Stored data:
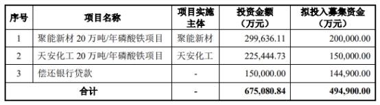 云天化2023年9月13日披露的2022年度向特定对象发行A股股票募集说明书(2023年半年报财务数据更新版)显示,公司本次向特定对象发行A股股票的募集资金总额不超过494,900.00万元,扣除发行费用后用于“聚能新材20万吨/年磷酸铁项目”、“天安化工20万吨/年磷酸铁项目”以及“偿还银行贷款”。
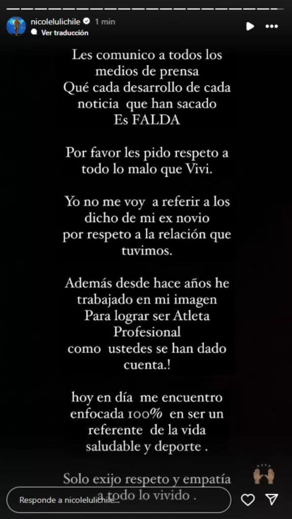 Posteriormente, Nicole Moreno compartió en su cuenta de Instagram un mensaje donde se refirió a la polémica buscando poner fin a los rumores sobre su vida privada.
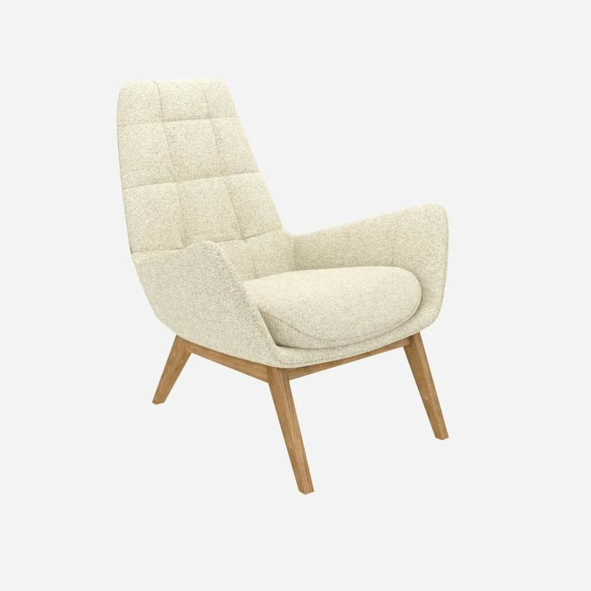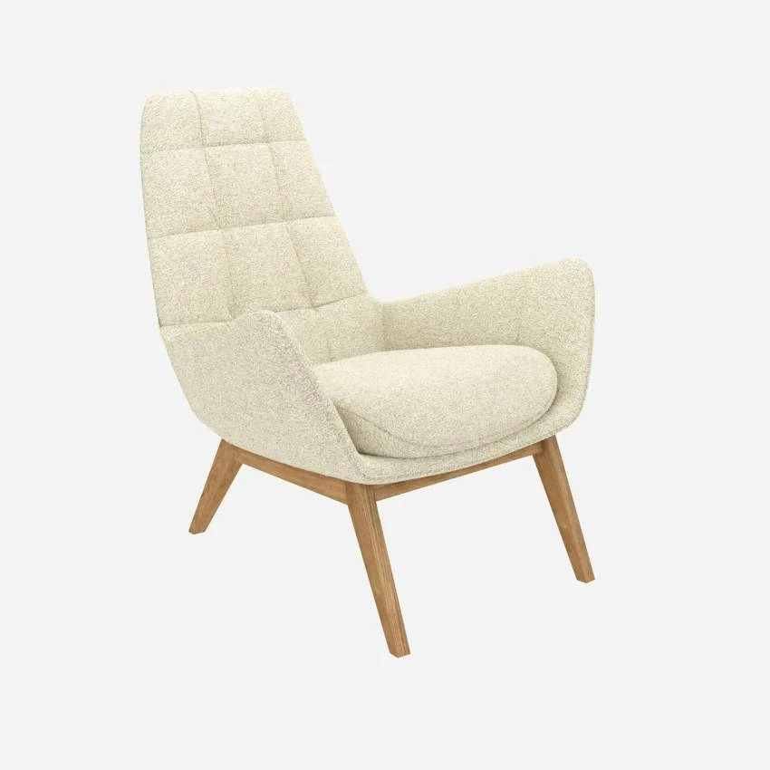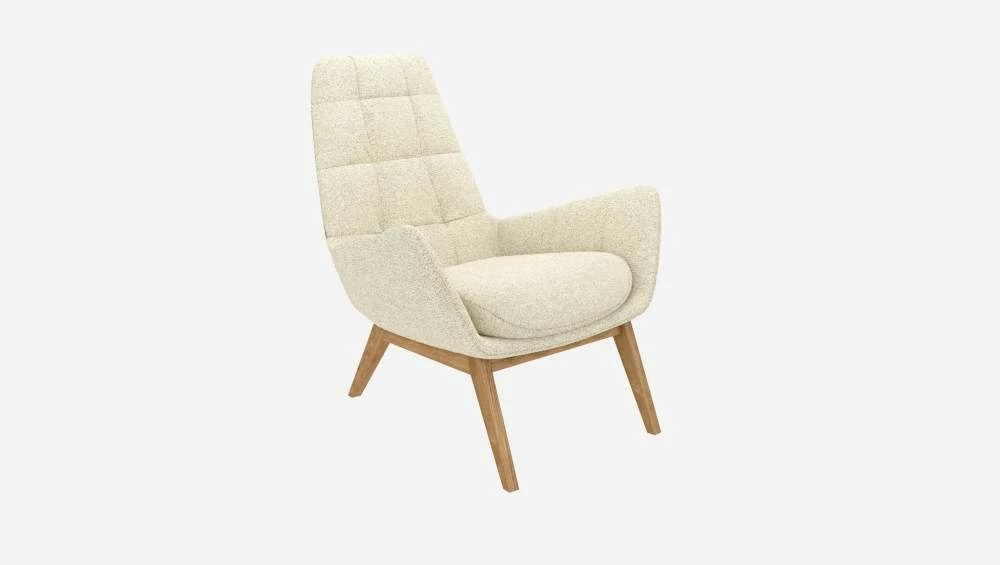 Habitat Fauteuil En Tissu Venezia – Blanc Craie – Pieds Chêne
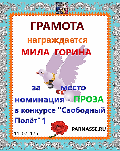 За 2 место - Номинация Проза, ЛитКомета, Полёт № 48
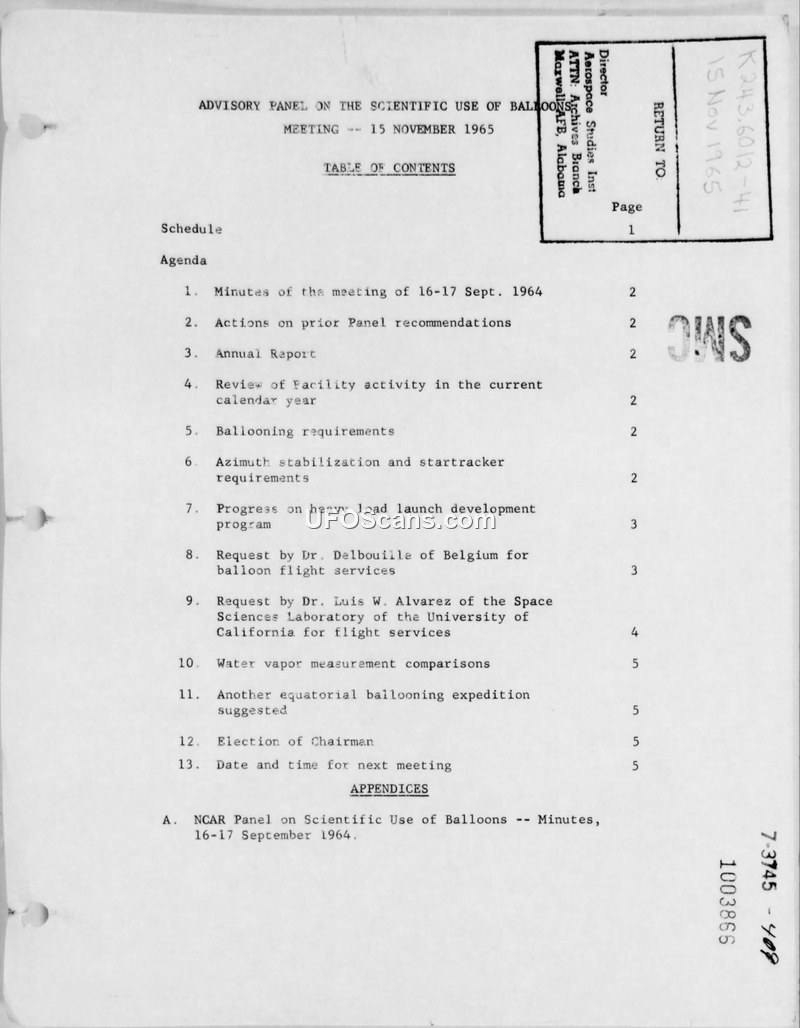This document contains the agenda and minutes for the meeting of the Advisory Panel on the Scientific Use of Balloons, held on 15 November 1965. The panel, which included prominent scientists such as Allen Hynek and Edward Ney, met to discuss the ongoing activities of the National Center for Atmospheric Research (NCAR) Scientific Balloon Facility. Key agenda items included the review of previous panel recommendations, the annual report of the facility, and the status of various ballooning projects. A significant portion of the meeting was dedicated to evaluating new requests for ballooning services. Specifically, the panel reviewed a proposal from Dr. Luis W. Alvarez of the University of California for a high-altitude particle physics experiment, which involved the use of superconducting magnets and spark chambers. The panel also discussed a request from Dr. L. Delbouille of the Institut d'Astrophysique in Belgium for balloon flight services to study the solar spectrum. The document includes detailed technical reports and proposals related to these experiments, such as the design of balloon-borne equipment, the use of Cerenkov triggers, and the logistical challenges of launching heavy payloads. Furthermore, the panel addressed the IQSY expedition in India and considered future possibilities for balloon-borne observations during the 1966 total solar eclipse in South America. The document also contains correspondence between NCAR staff and researchers, providing insight into the collaborative nature of these scientific endeavors and the administrative processes involved in managing large-scale, high-altitude research programs.
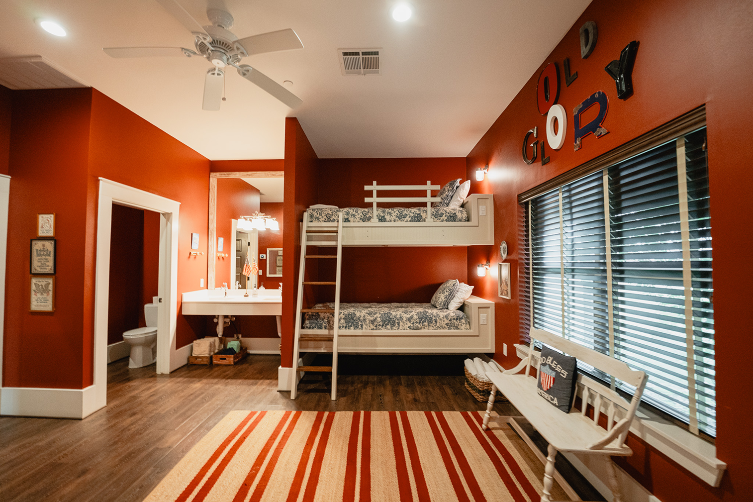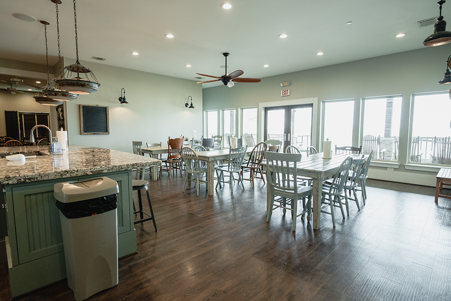 The home at Hunt Retreat features two 71’ porches, 8,800 sq. ft. of air-conditioned living space, 10’ ceilings throughout, 9 bedrooms, 9 1/2 baths (2 of which are ADA compliant), a full kitchen with seating for approximately 30, a central great room with fireplace and cozy seating, and a spacious game room.
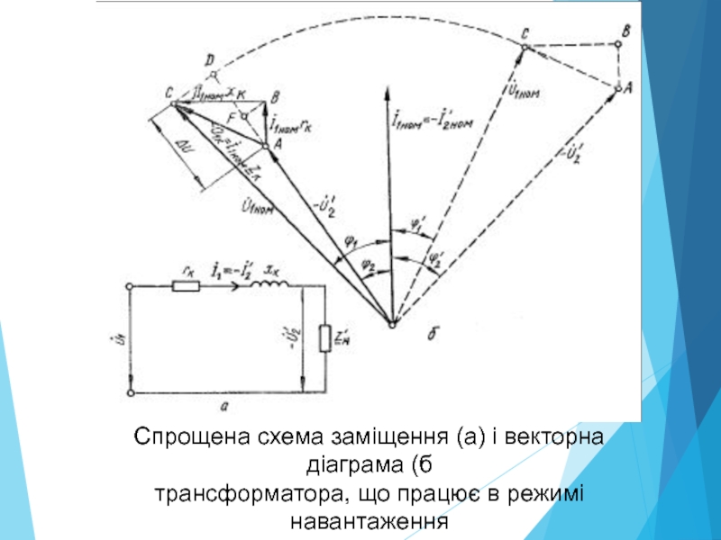 Слайд 33Спрощена схема заміщення (а) і векторна діаграма (б
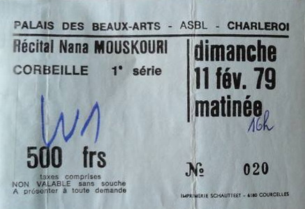 | 11.02.1979 | Charleroi | Palais des Beaux-Arts | B | Ticket | C | |||
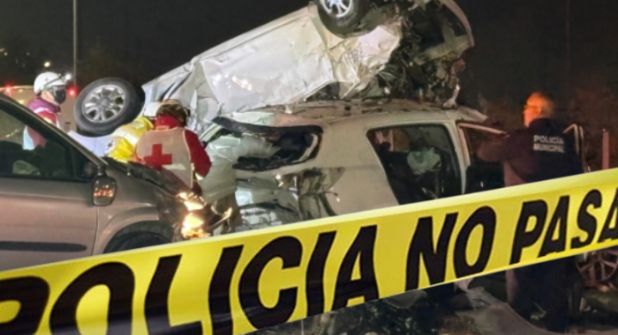 A la altura de la colonia Valle Dorado, se desplegaron elementos de la Fiscalía General del Estado para realizar las maniobras para rescatar los cuerpos de entre los retorcidos metales.
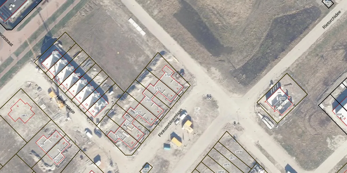 Gebruik de zoekbalk of klik op een perceel voor informatie over de adressen binnen dit perceel.
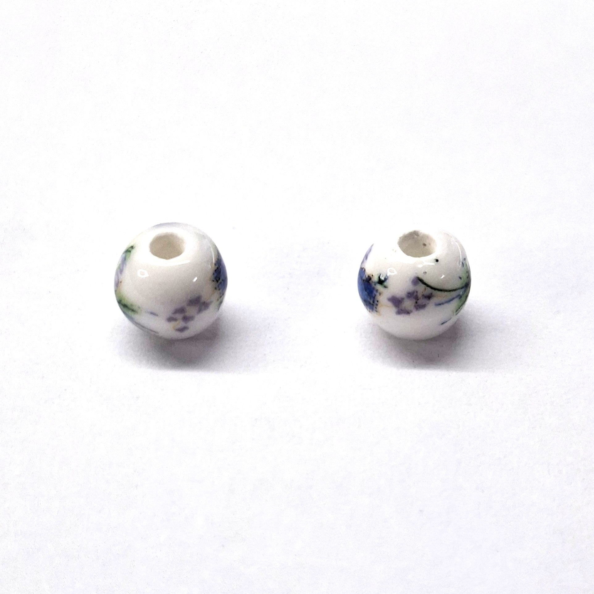 Porcelain Bead 6mm Round Blue/Green Handmade Hole 2mm per each

## Problem to work on
What should be set down is every line from the opening of the records through the line that contains "За 2 место - Номинация", exactly, with pictures left out.

## Solution to this problem
 云天化2023年9月13日披露的2022年度向特定对象发行A股股票募集说明书(2023年半年报财务数据更新版)显示,公司本次向特定对象发行A股股票的募集资金总额不超过494,900.00万元,扣除发行费用后用于“聚能新材20万吨/年磷酸铁项目”、“天安化工20万吨/年磷酸铁项目”以及“偿还银行贷款”。
 Posteriormente, Nicole Moreno compartió en su cuenta de Instagram un mensaje donde se refirió a la polémica buscando poner fin a los rumores sobre su vida privada.
 Habitat Fauteuil En Tissu Venezia – Blanc Craie – Pieds Chêne
 За 2 место - Номинация Проза, ЛитКомета, Полёт № 48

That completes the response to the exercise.